1. Necessary conditions for enabling master-slave replication

1)主库开启log-bin,binlog会记录主库所有变更操作,该日志是主从复制的核心日志。
2)主/从库server-id不一致,server-id是数据库的唯一标识,若主从数据库server-id一致将无法创建主从复制关系

2. The general process of master-slave replication

1)当两个数据库构建成为主从复制关系时,从库会启动IO线程和SQL线程;主库启动相关的dump线程。
2)主库发生的所有变更操作都会记录到binlog日志中
3)当主库发生变更时,主库的dump线程会通知从库的IO线程,IO线程根据具体的binlog文件以及位点信息将对应的日志写入到从库的relay log中;
4)从库的SQL线程解析应用relay log日志进行回放,以保证从库数据与主库一致

2. Basic investigation methods

1. Copy synchronization information

mysql> show slave status\G

Focus on parameters:

Master_Log_File: IO线程读取到的binlog file文件
Read_Master_Log_Pos: IO线程读取到的binlog file文件的位点信息
Relay_Log_File: SQL线程当前正在应用的relay log文件
Relay_Log_Pos: SQL线程当前应用relay log文件的位点信息
Relay_Master_Log_File: SQL线程当前应用记录对应的主库binlog file文件
Exec_Master_Log_Pos: SQL线程当前应用记录对应主库binlog file文件的位点信息
Slave_IO_Running: IO线程状态
Slave_SQL_Running: SQL线程状态
Last_SQL_Errno: 主从复制中断报错编码
Last_SQL_Error: 主从复制报错具体信息
Seconds_Behind_Master: 一定程度上反应了主从复制延迟
Master_UUID: 主库的uuid
Retrieved_Gtid_Set: 当前IO线程读取到的gtid集
Executed_Gtid_Set: 当前SQL线程应用到的gtid集

2. Database error log

mysql> show variables like 'log_error';
+---------------+------------------------------+
| Variable_name | Value                        |
+---------------+------------------------------+
| log_error     | /data/mysql57/logs/error.log |            //在数据库中查看error log路径
+---------------+------------------------------+
1 row in set (0.00 sec)

3. System log

# dmesg -T

Three, common error cases

3.1 Last_Errno - 1032

1. Specific error

root@mysql57 17:17:  [(none)]> show slave status\G
*************************** 1. row ***************************
               Slave_IO_State: Waiting for master to send event
              Master_Log_File: binlog.000006
          Read_Master_Log_Pos: 230
               Relay_Log_File: relaylog.000002
                Relay_Log_Pos: 2024
        Relay_Master_Log_File: binlog.000005
             Slave_IO_Running: Yes
            Slave_SQL_Running: No
          Exec_Master_Log_Pos: 1905
              Relay_Log_Space: 3518
               Last_SQL_Errno: 1032
               Last_SQL_Error: Could not execute Update_rows event on table db1.t1; Unknown error 1032, Error_code: 1032; handler error HA_ERR_KEY_NOT_FOUND; the event's master log binlog.000005, end_log_pos 2126
             Master_Server_Id: 33061
                  Master_UUID: 1d24c492-83eb-11ea-86cd-000c2913f5b2
             Master_Info_File: mysql.slave_master_info
           Retrieved_Gtid_Set: 1d24c492-83eb-11ea-86cd-000c2913f5b2:5-12
            Executed_Gtid_Set: 1d24c492-83eb-11ea-86cd-000c2913f5b2:1-11,
346cd00d-8ea9-41b7-8fea-67a6a483470f:1-24,
66c8918d-83eb-11ea-9d7d-000c29242ae2:1-2
                Auto_Position: 1
1 row in set (0.00 sec)

2. Troubleshooting

From Last_SQL_Errno and Last_SQL_Error, we can see that the interruption of the master-slave replication is due to the inability to perform an UPDATE operation, so we first need to find the corresponding UPDATE specific statement based on the master-slave replication and the BINLOG FILE of the error message and the POSITION location information.

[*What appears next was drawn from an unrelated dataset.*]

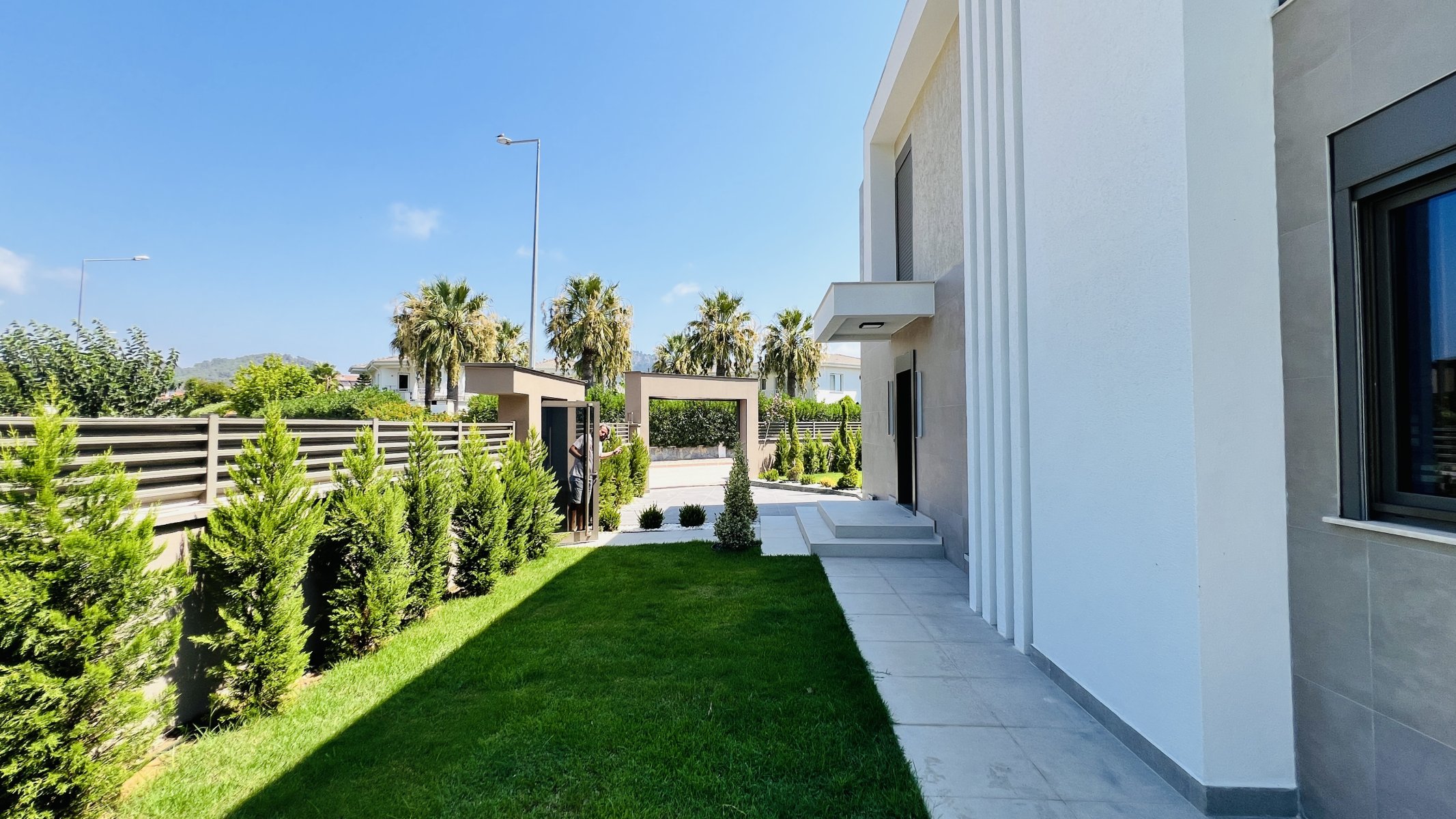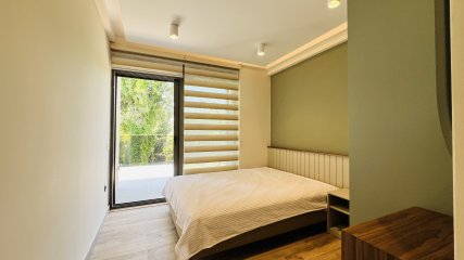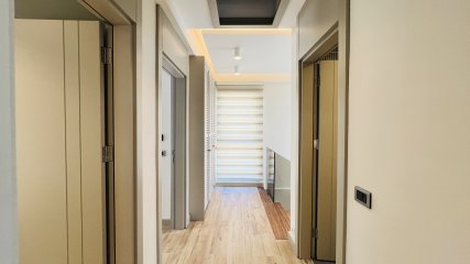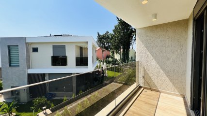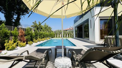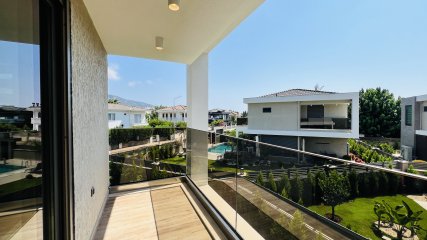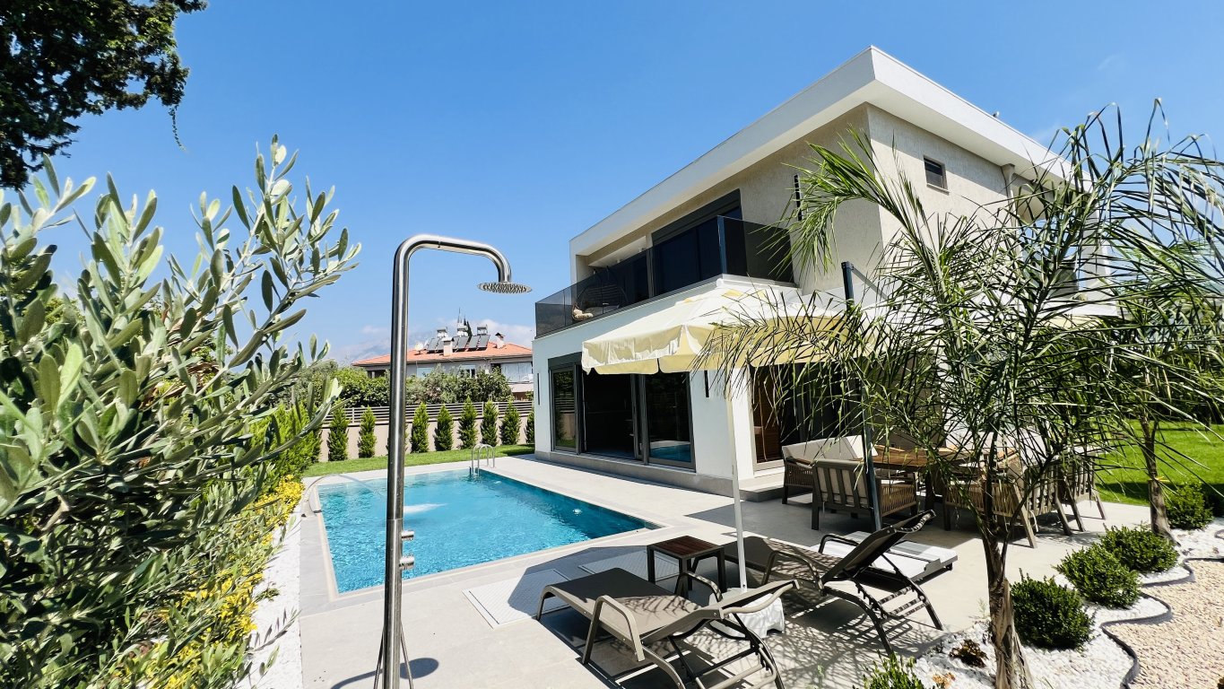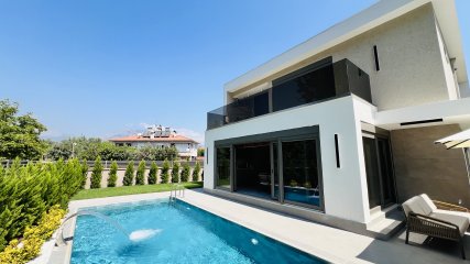 Denne frittstående villaen på en tomt på 350 m² i Çamyuva-området i Kemer skiller seg ut med sin moderne arkitektur og gjennomtenkte planløsning.
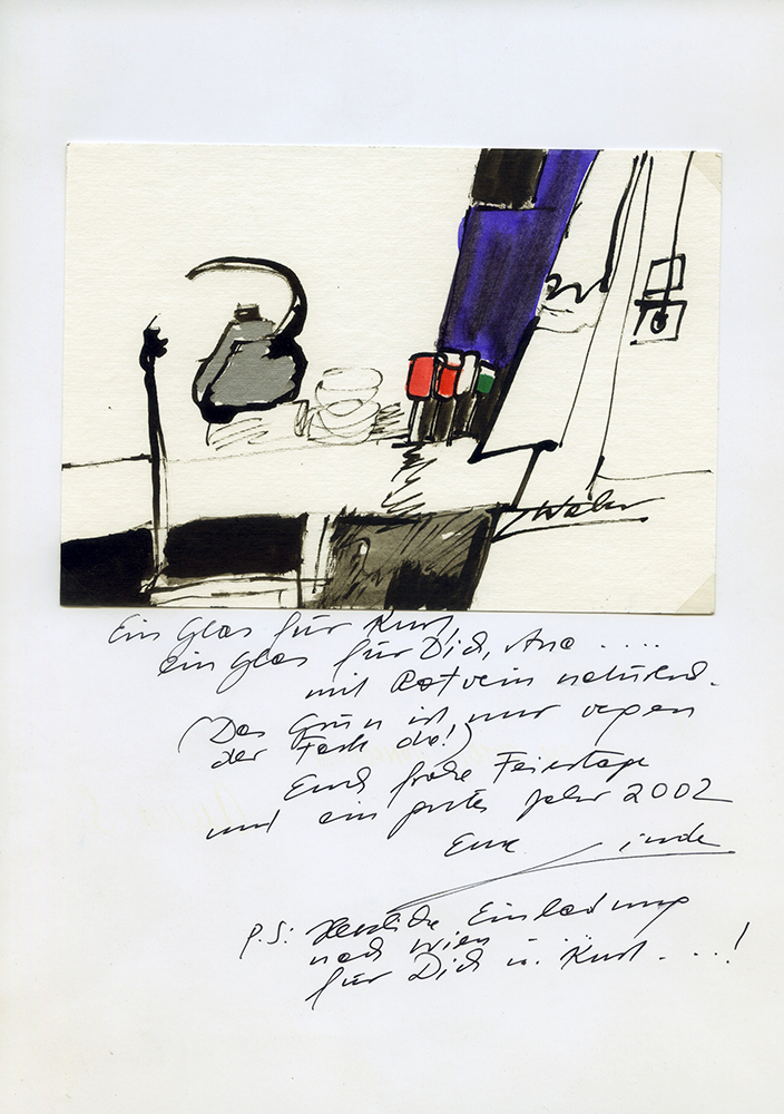 Holiday greeting, 2001/02, mixed media ink, A4 sheet, card approx. B6 12.3×17.2 cm, in Halbe magnetic frame A4

And check the specific reasons in the database that caused the execution of the statement to report an error.

1) Locate the problem SQL

According to the information provided by the master-slave replication error, we have two methods to locate the specific slow SQL. The first method is to find the corresponding SQL through the location in the master log directory based on the information provided by Relay_Master_Log_File, Exec_Master_Log_Pos, and Last_SQL_Error; the second method is to find the corresponding SQL through the location in the slave log directory based on Relay_Log_File and Relay_Log_Pos.

# 通master寻找问题SQL
# /usr/local/mysql57/bin/mysqlbinlog -vv binlog.000005 --start-position=1905 --stop-position=2126
### UPDATE `db1`.`t1`
### WHERE
###   @1=1 /* INT meta=0 nullable=0 is_null=0 */
###   @2=NULL /* VARSTRING(80) meta=80 nullable=1 is_null=1 */
###   @3=NULL /* INT meta=0 nullable=1 is_null=1 */
### SET
###   @1=1 /* INT meta=0 nullable=0 is_null=0 */
###   @2='cc' /* VARSTRING(80) meta=80 nullable=1 is_null=0 */
###   @3=23 /* INT meta=0 nullable=1 is_null=0 */

2) View the table data of the specific table error on the slave side of the replication error report, you can find that the record updated by the update statement does not exist in the slave at all, which causes the update operation to report an error. If the slave reports an error related to this type, it is generally due to the inconsistency of the master-slave data, which causes the binlog of the master library to be transmitted to the slave library, and the corresponding record cannot be matched when the slave library is applied and an error is reported.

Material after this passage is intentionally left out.